The reply should be the records repeated exactly, without any images.

(Records from a data collection)
※ ※ ※

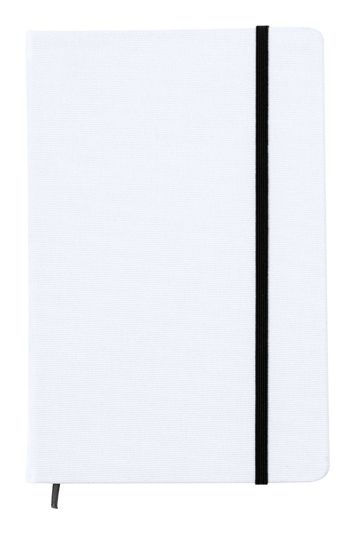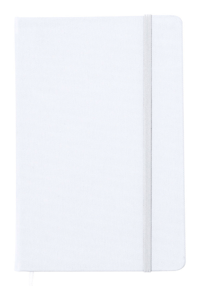 | Descriere | 600D RPET polyester covered notebook with 100 blank sheets, coloured rubber band and bookmark. A5 size. Ideal for sublimation printing |
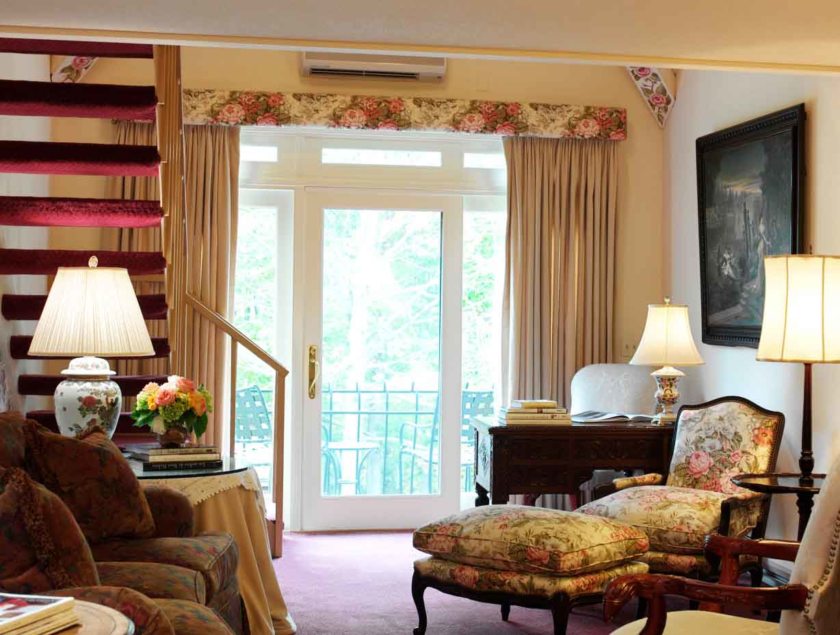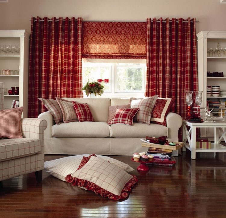 Шторы кантри в интерьере гостиной комнаты или спальни могут быть следующих видов:
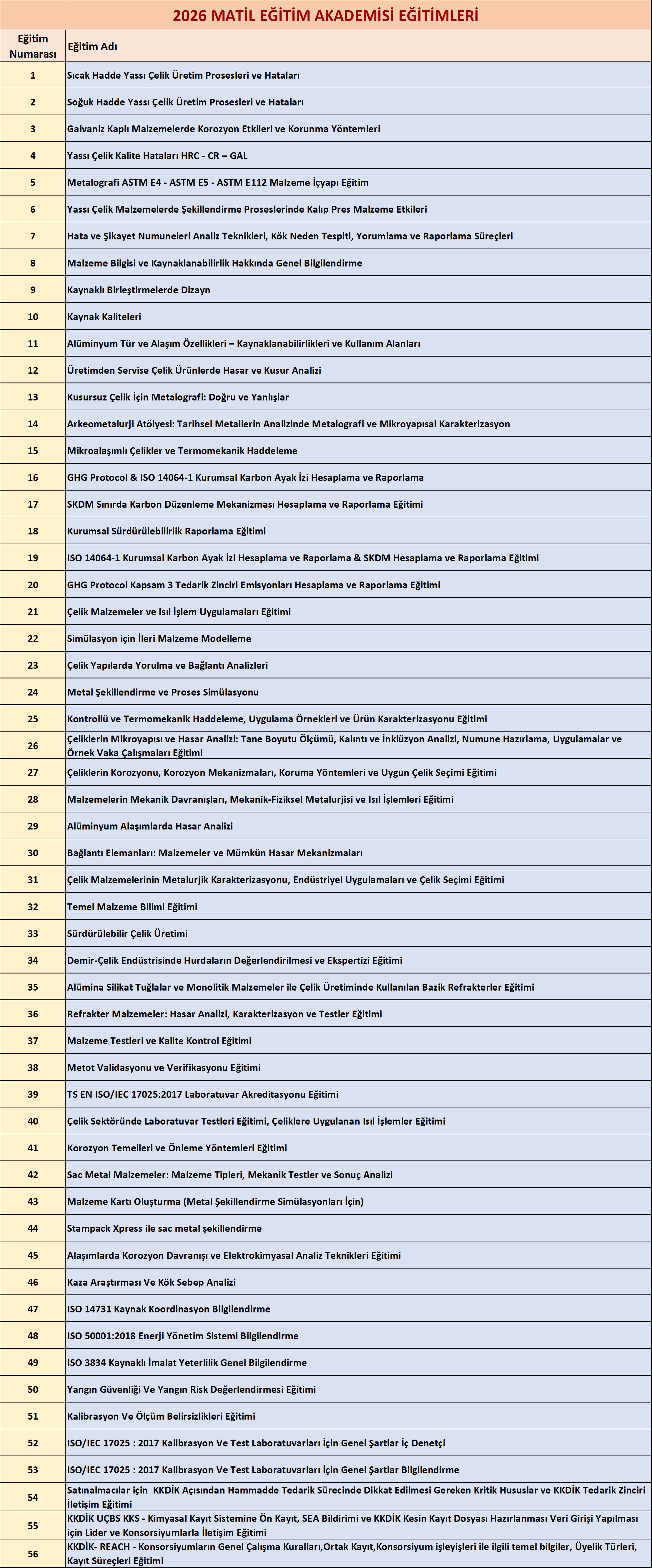 Çelik üreten, çelik kullanan, test eden ve kalite süreçlerini yöneten tüm sektör paydaşları için hazırladığımız 2026 MATİL Eğitim Akademisi Programı, toplam 56 başlıkta teknik yetkinlik eğitimi ile yayındadır.
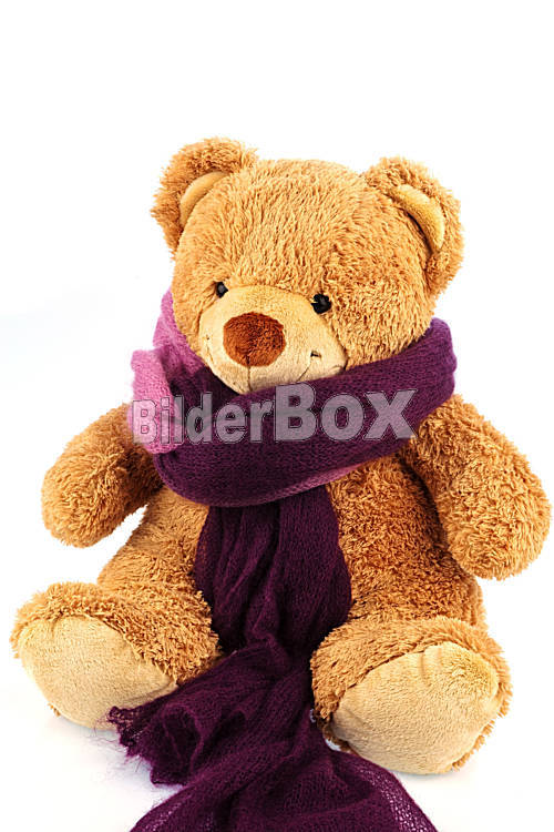 Beschreibung Ein Bär aus Plüsch mit einem Fieber Thermometer im Mund. Symbolfoto für Verkühlung, Grippe und Fieber
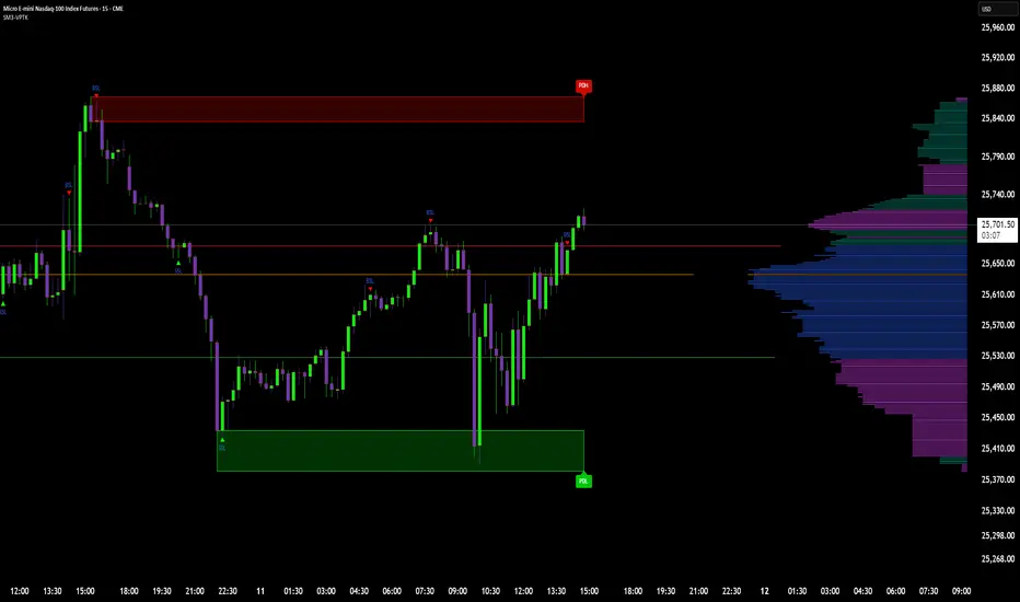 This indicator is a right-aligned fixed-range Volume Profile + SMT-style tools:
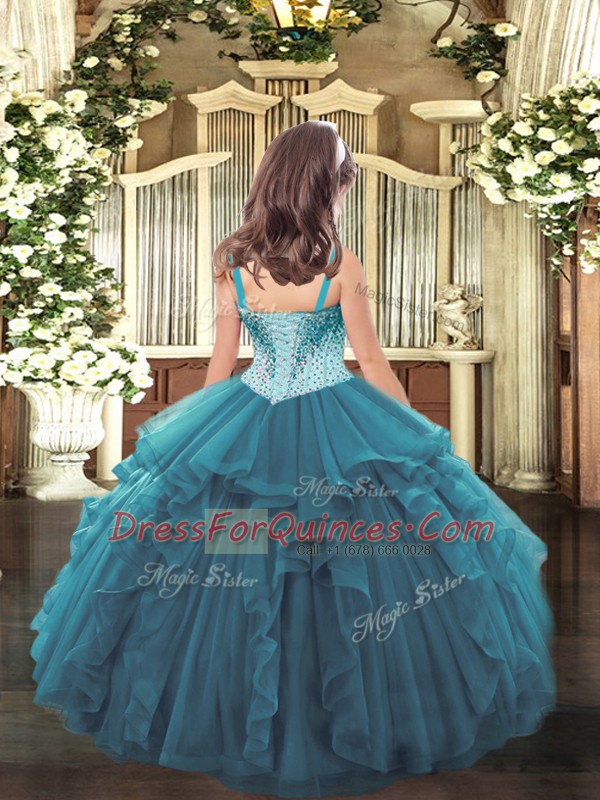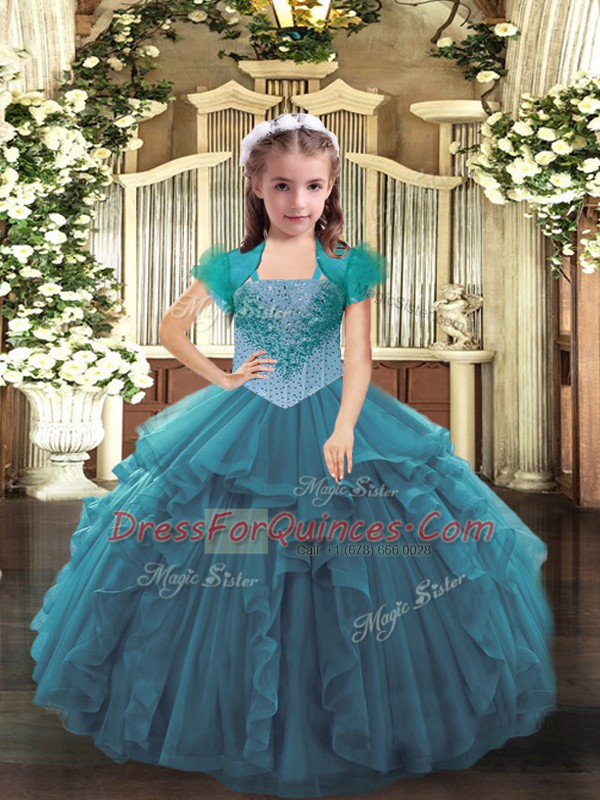 Teal Ball Gowns Organza Straps Sleeveless Beading and Ruffles Floor Length Lace Up Kids Formal Wear

※ ※ ※

- Response to this task -
 | Descriere | 600D RPET polyester covered notebook with 100 blank sheets, coloured rubber band and bookmark. A5 size. Ideal for sublimation printing |
 Шторы кантри в интерьере гостиной комнаты или спальни могут быть следующих видов:
 Çelik üreten, çelik kullanan, test eden ve kalite süreçlerini yöneten tüm sektör paydaşları için hazırladığımız 2026 MATİL Eğitim Akademisi Programı, toplam 56 başlıkta teknik yetkinlik eğitimi ile yayındadır.
 Beschreibung Ein Bär aus Plüsch mit einem Fieber Thermometer im Mund. Symbolfoto für Verkühlung, Grippe und Fieber
 This indicator is a right-aligned fixed-range Volume Profile + SMT-style tools:
 Teal Ball Gowns Organza Straps Sleeveless Beading and Ruffles Floor Length Lace Up Kids Formal Wear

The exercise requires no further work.